Question

Consider the general reaction given below at 400 K: xA(g) ⇌ yB(g). The values of K___p and K___c are studied under the same condition of temperature but variation in x and y.
(i) K___p = 85.87 and K___c = 2.586
(ii) K___p = 0.862 and K___c = 28.62.
The values of x and y in (i) and (ii) respectively are :

• A. 4,1 4,1
• B. 3,1 3,1
• C. 1,3 2,1
• D. 1,2 2,1

Hint:

If $K_p>K_c$, then $\Delta n_g$ is positive (moles of gas increase).

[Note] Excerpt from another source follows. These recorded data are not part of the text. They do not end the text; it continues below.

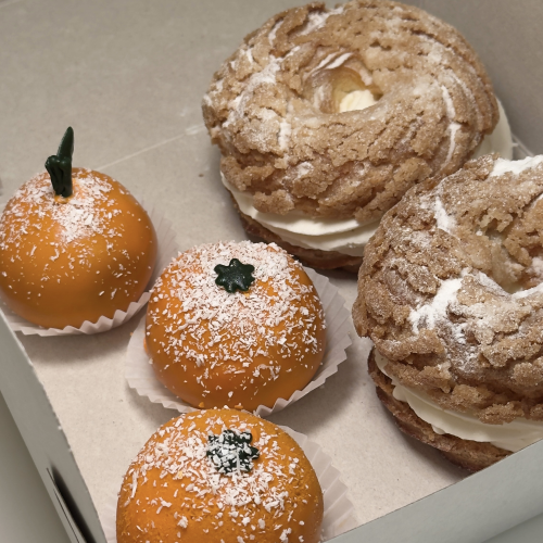 - Состав: 5 вкусных пирожных: два заварных кольца с разными начинками и 3 пирожных Картошка в виде "мандарина" Кольцо с Дор блю (Заварное кольцо, кракелин, мед, грецкий орех, груша, кремчиз на натуральных сливках, творог, сыр дорблю) Кольцо творожное (Заварное каольцо, творожный крем, кракелин) Пирожное "Картошка" (Бисквит шоколадный, какао, молоко сгущенное, молоко, масло сливочное, глазурь)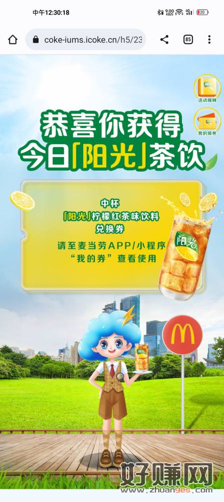 麦当劳每日免费柠檬红茶记得领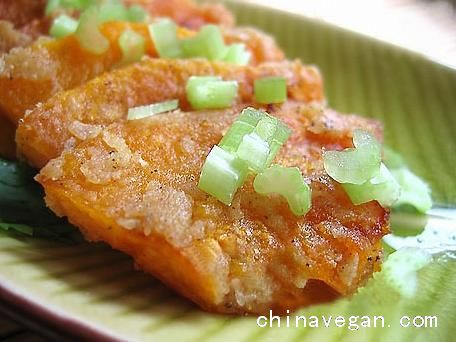 4、锅中倒入一点油,小火将南瓜煎至两面金黄就可以了。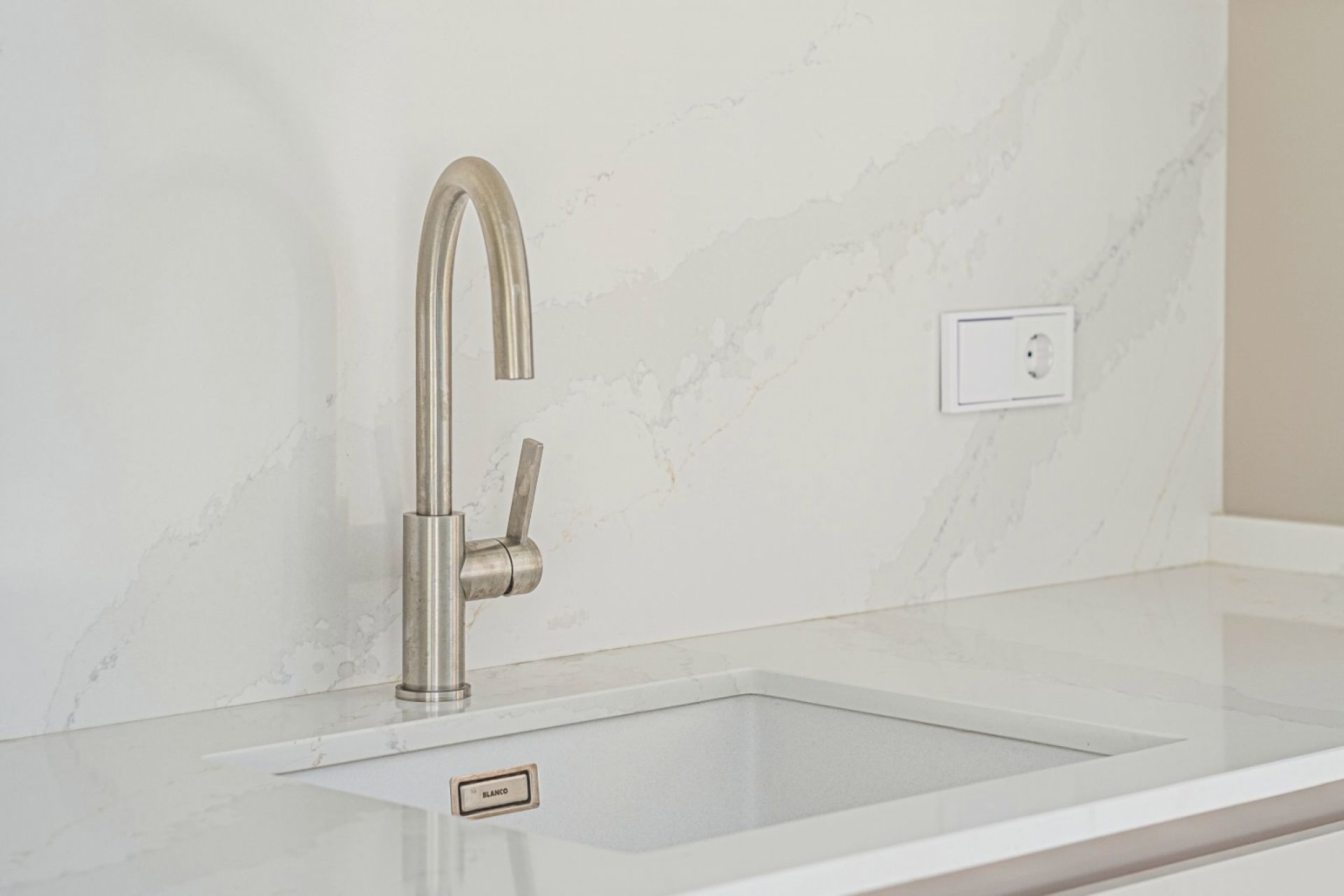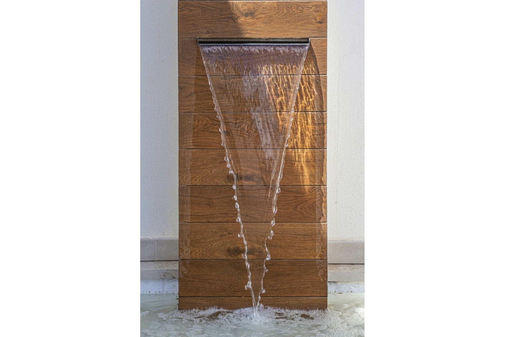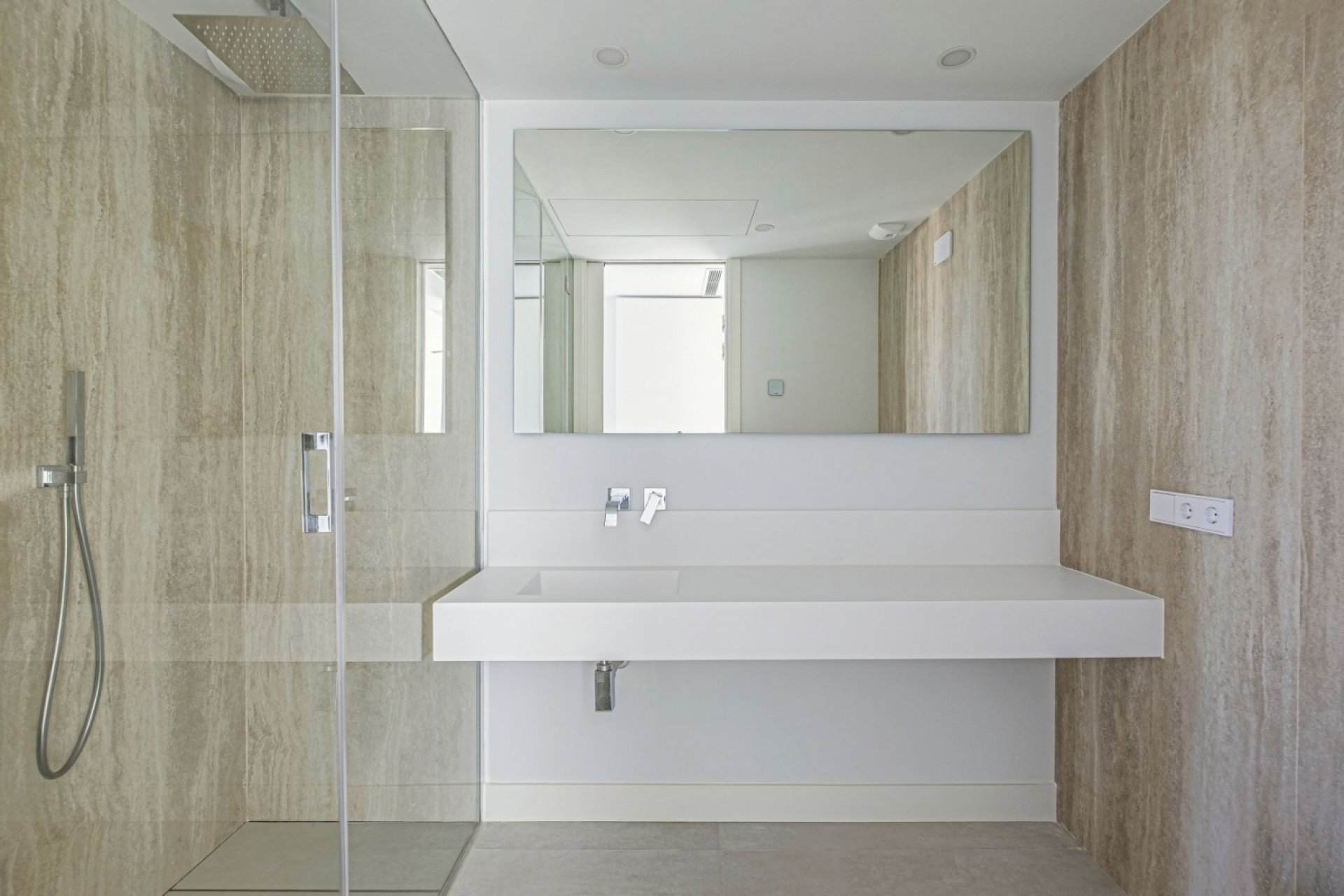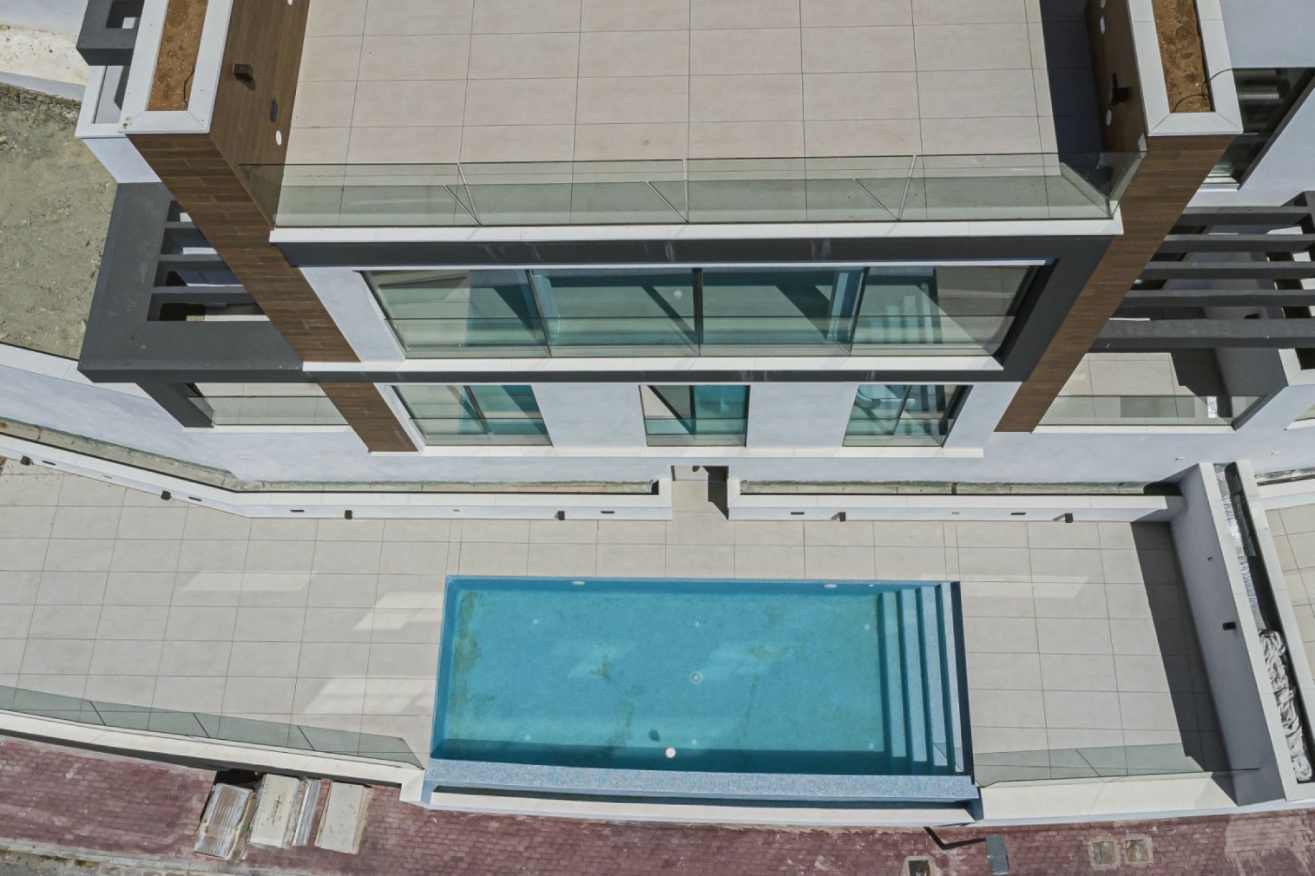 The exterior design of this villa stands out for its elegance and modernity, with spacious terraces on the ground floor and large balconies attached to each of the 3 bedrooms on the first floor. The roof terrace offers stunning panoramic views, ideal for relaxing and enjoying the surroundings. The secure landscaped garden provides a serene and private space, while the private swimming pool connects seamlessly with the villa, creating a harmonious ambience. The clean lines and high quality materials used on the exterior complement the avant-garde design of this property.

If $K_p<K_c$, then $\Delta n_g$ is negative (moles of gas decrease).

Answer 1

The Correct Option is D

Step 1: Understanding the Concept:
The relationship between $K_p$ and $K_c$ is given by the formula $K_p = K_c(RT)^{\Delta n_g}$, where $\Delta n_g = y - x$.
Step 2: Key Formula or Approach:
1. $K_p = K_c(RT)^{\Delta n_g}$.
2. Calculate $RT$ for $T = 400$ K: $R = 0.0821$ L·atm/(K·mol).
Step 3: Detailed Explanation:
$RT = 0.0821 \times 400 = 32.84$.
Case (i): $\frac{K_p}{K_c} = \frac{85.87}{2.586} \approx 33.2$.
Since $RT \approx 32.84$, then $(RT)^{\Delta n_g} \approx 33.2 \implies \Delta n_g = 1$.
$y - x = 1$. Among options, (1, 2) fits this ($2 - 1 = 1$).
Case (ii): $\frac{K_p}{K_c} = \frac{0.862}{28.62} \approx 0.030$.
Since $\frac{1}{RT} = \frac{1}{32.84} \approx 0.030$, then $(RT)^{\Delta n_g} \approx 0.030 \implies \Delta n_g = -1$.
$y - x = -1$. Among options, (2, 1) fits this ($1 - 2 = -1$).
Step 4: Final Answer:
The values of x and y are (1,2) for (i) and (2,1) for (ii).